Her assertion generated considerable controversy in the academic community because of her father's stature as a scholar and Communist. Numerous letters were published in The Chronicle of Higher Education, which had reviewed her book, and on the History News Network of George Mason University. Some historians wondered how this news affected people's perceptions of Herbert Aptheker's work. Others questioned Bettina Aptheker's credibility, classing her account in stories of "recovered memory". The historian Mark Rosenzweig wrote, "the truth about Herbert and Bettina is inaccessible to us." The historian Jesse Lemisch wrote in his second essay about the controversy, "Shhh! Don't Talk about Herbert Aptheker":

"... a general public silence by Old Leftists in response to the report of Herbert Aptheker's sexual molestation of his daughter Bettina may be writing another chapter in the strange history of American Communism. Fellow Red Diaper Babies and many former Communists seem to want to sweep this under the rug — or, may I say, airbrush it — as if there had never been a Women's Liberation Movement, and it had never occurred to anybody that there might be a connection between the personal and the political ..."

The controversy continued for months. In November 2007, historian Christopher Phelps published an overview in The Nation magazine. He included the results of an interview with Kate Miller, who had been present during Aptheker's 1999 conversation with her father about the abuse, and confirmed her account.

== Works ==
=== Books ===
- Big Business and the American University. New York: New Outlook Publishers, 1966.
- Columbia Inc. New York: W.E.B. DuBois Clubs of America, May 1968.
- Racism and Reaction in the United States: Two Marxian Studies. With Herbert Aptheker. New York: New Outlook Publishers, 1971.
- The Morning Breaks: The Trial of Angela Davis. Ithaca, NY: Cornell University Press, 1976 ISBN 9780801485978
- The Unfolding Drama: Studies in U.S. History. With Herbert Aptheker. New York: International Publishers, 1979.
- Woman's Legacy: Essays on Race, Sex and Class in American History. Amherst, MA: University of Massachusetts Press, 1982 ISBN 9780870233654
- Tapestries of Life: Women's Work, Women's Consciousness and the Meaning of Daily Life. Amherst, MA: University of Massachusetts Press, 1989 ISBN 9780870236594
- Aptheker, Bettina (2006). "Intimate Politics: How I Grew Up Red, Fought for Free Speech, and Became a Feminist Rebel"
- Communists in Closets: Queering the History 1930s-1990s.

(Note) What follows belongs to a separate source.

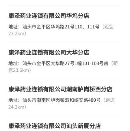 汕头康泽线下药店地址(汕头康泽药业各分店地址)
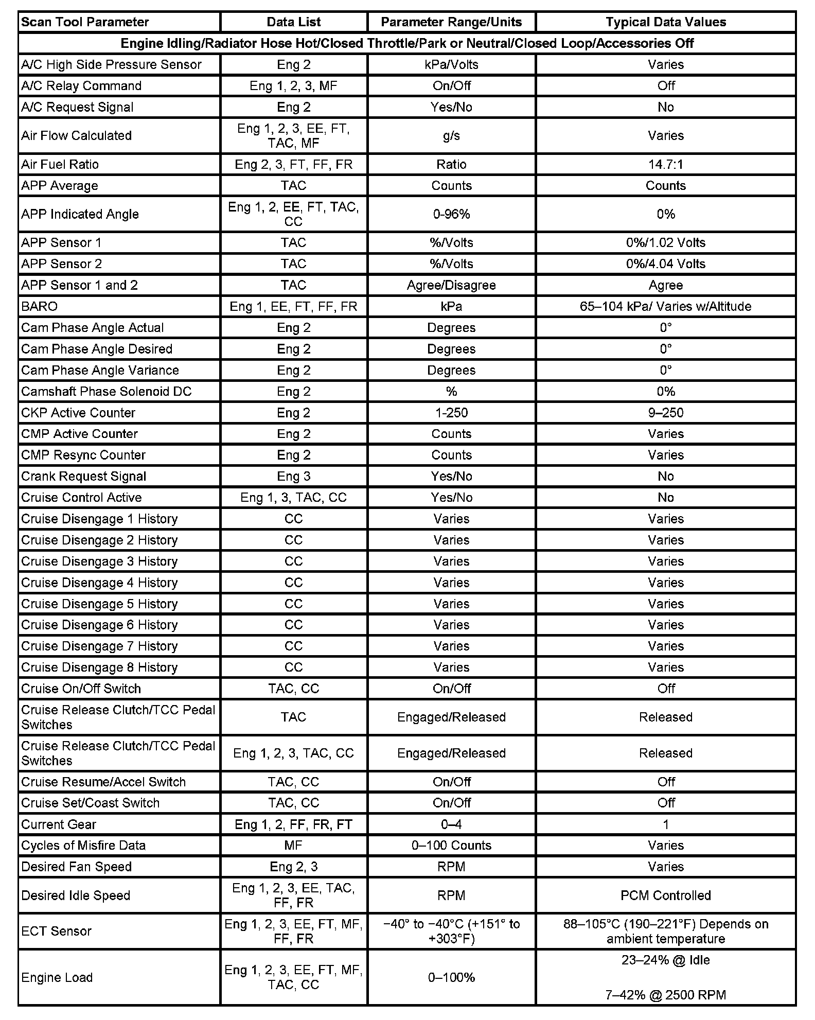 The Engine Scan Tool Data List contains all engine related parameters that are available on the scan tool. The list is arranged in alphabetical order. A given parameter may appear in any one of the data lists, and in some cases may appear more than once, or in more than one data list in order to group certain related parameters together.

Routledge, September 2022 ISBN 9781032035840

=== Book chapters and articles ===
- "Toni Cade Bambara: A Political Life of the Spirit", in Linda J. Holmes and Cheryl A. Wall, editors, Savoring the Salt: The Legacy of Toni Cade Bambara, Temple University Press, 2008. pp. 226–235.
- "Keeping the Communist Party Straight, 1940s-1980s", New Politics, Summer 2008, Vol.XII, No. 1, pp. 22–27.
- "Teaching about Anti-Semitism and the Legacy of Jewish Women". Women's Studies Quarterly, vol. 21, no. 3/4, 1993, pp. 63–68.
- "Race and Class: Patriarchal Politics and Women's Experience". Women's Studies Quarterly, vol. 10, no. 4, 1982, pp. 10–15.
- Strong Is What We Make Each Other': Unlearning Racism within Women's Studies". Women's Studies Quarterly, vol. 9, no. 4, 1981, pp. 13–16.

== Awards and honors ==
Aptheker received the 2004 "Award for Excellence in Education" by the California chapter of the National Organization for Women (CA NOW). In 2012, she was co-appointment with Karen Yamashita to the UC Presidential Chair in Feminist Critical Race and Ethnic Studies; a position offered to distinguished members of the university's faculty intended to encourage new or interdisciplinary program development. She received the 2017 John Dizikes Teaching Award in Humanities and the inaugural appointee of the endowed Peggy and Jack Baskin Foundation Presidential Chair for Feminist Studies.